■ **Task description**: Below are the entries to work from; restate word for word the portion that opens with the line containing "1.甲方播出该栏目不向乙方支" and closes with the line containing "2. 登錄電腦版東奧學(xu", keeping both.

■ **Material for this exercise**:
^^^^^^^^^^^^^^^^
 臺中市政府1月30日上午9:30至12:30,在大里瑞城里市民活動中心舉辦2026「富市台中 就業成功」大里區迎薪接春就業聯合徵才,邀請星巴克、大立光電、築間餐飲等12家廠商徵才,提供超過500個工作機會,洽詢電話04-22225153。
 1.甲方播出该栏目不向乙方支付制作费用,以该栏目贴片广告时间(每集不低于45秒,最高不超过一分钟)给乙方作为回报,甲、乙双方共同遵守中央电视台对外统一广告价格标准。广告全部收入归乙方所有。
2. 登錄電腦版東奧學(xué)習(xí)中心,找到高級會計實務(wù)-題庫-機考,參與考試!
^^^^^^^^^^^^^^^^
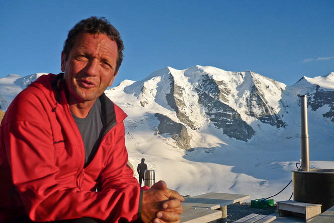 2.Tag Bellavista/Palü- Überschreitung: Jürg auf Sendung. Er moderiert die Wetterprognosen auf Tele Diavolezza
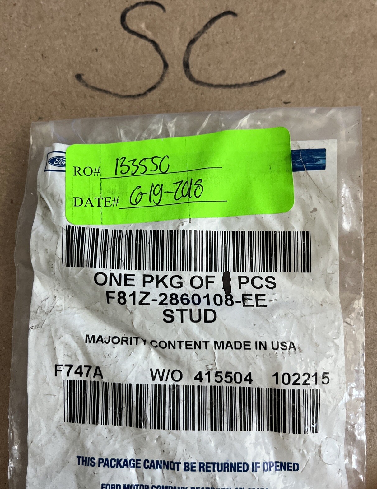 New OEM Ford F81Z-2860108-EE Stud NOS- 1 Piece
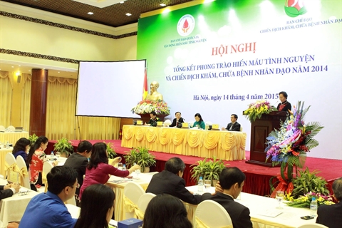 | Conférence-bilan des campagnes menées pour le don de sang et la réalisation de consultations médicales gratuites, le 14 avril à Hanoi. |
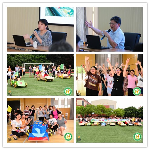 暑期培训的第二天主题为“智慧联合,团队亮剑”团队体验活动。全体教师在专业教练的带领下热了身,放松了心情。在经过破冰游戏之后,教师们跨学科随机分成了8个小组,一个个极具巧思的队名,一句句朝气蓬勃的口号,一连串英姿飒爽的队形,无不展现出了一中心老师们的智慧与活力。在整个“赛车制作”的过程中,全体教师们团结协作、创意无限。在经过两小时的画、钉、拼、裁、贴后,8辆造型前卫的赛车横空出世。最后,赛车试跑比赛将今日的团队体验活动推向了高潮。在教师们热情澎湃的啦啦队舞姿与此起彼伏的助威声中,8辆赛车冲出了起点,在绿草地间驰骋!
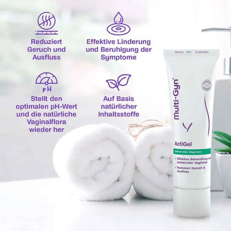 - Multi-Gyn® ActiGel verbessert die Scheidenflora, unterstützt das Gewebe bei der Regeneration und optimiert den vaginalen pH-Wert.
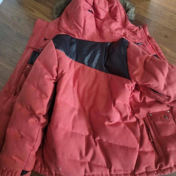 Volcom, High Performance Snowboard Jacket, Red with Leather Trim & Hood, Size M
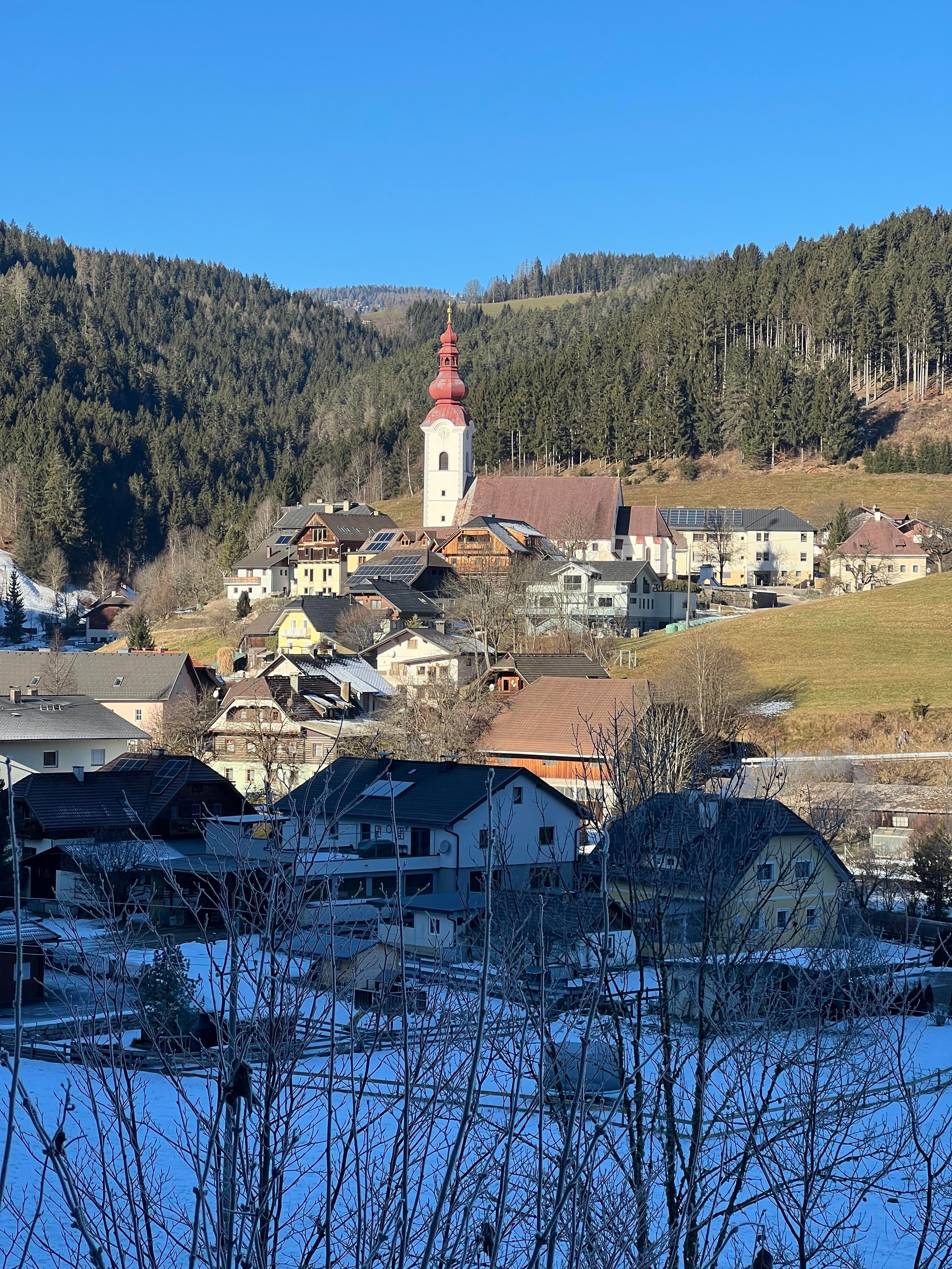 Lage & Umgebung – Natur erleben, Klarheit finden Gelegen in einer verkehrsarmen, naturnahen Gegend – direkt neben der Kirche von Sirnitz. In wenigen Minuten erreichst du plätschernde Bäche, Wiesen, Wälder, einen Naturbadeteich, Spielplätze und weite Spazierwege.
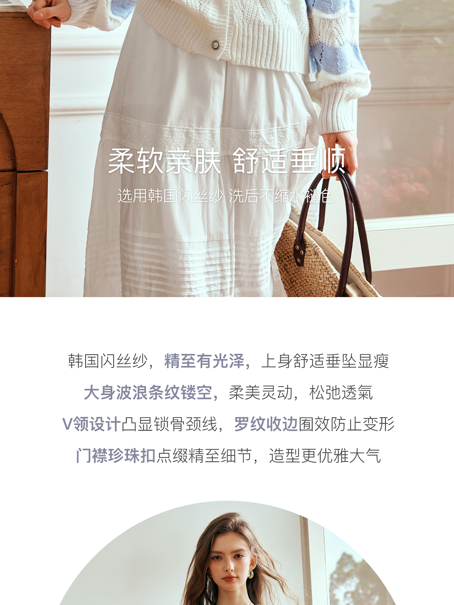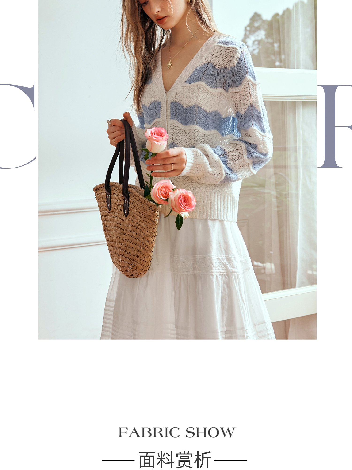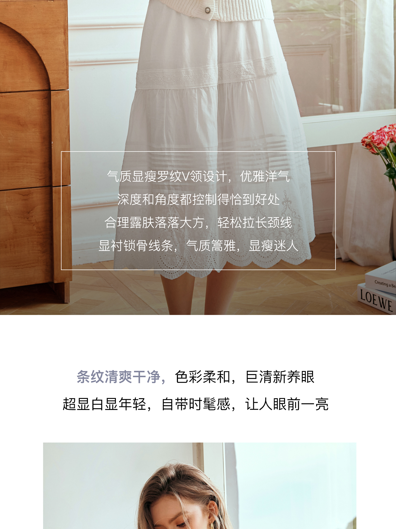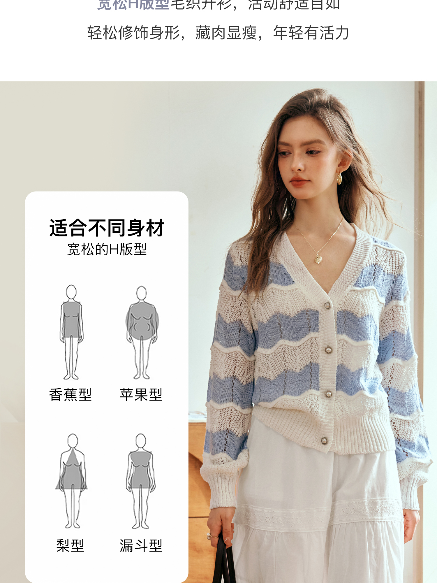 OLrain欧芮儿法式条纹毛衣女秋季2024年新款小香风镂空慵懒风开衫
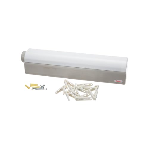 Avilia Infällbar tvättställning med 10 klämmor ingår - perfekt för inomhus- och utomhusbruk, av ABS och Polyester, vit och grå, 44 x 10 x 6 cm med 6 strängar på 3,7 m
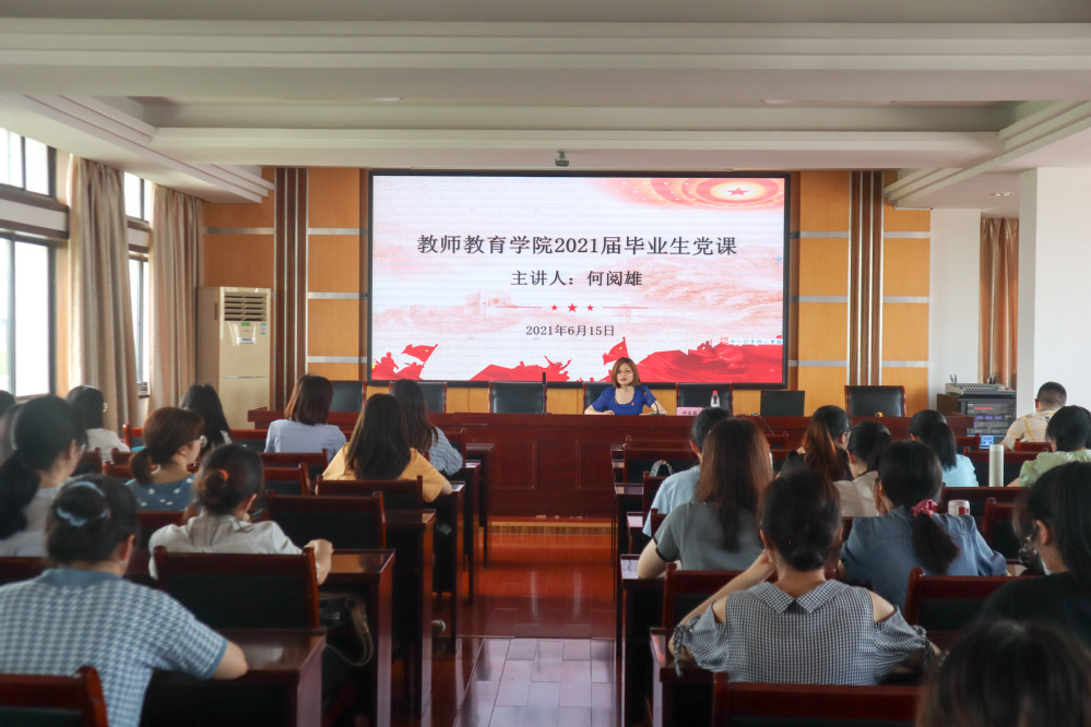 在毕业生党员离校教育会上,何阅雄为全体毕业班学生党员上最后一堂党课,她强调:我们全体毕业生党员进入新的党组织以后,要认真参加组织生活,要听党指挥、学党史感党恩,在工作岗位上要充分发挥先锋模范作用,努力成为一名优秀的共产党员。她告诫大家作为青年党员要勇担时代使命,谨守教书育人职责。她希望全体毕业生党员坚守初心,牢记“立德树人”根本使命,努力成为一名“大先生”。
^^^^^^^^^^^^^^^^
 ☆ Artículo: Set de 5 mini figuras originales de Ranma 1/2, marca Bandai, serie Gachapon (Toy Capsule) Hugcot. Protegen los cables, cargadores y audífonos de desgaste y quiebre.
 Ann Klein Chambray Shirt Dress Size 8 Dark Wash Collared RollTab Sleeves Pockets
^^^^^^^^^^^^^^^^
■ **Written answer**:
 1.甲方播出该栏目不向乙方支付制作费用,以该栏目贴片广告时间(每集不低于45秒,最高不超过一分钟)给乙方作为回报,甲、乙双方共同遵守中央电视台对外统一广告价格标准。广告全部收入归乙方所有。
2. 登錄電腦版東奧學(xué)習(xí)中心,找到高級會計實務(wù)-題庫-機考,參與考試!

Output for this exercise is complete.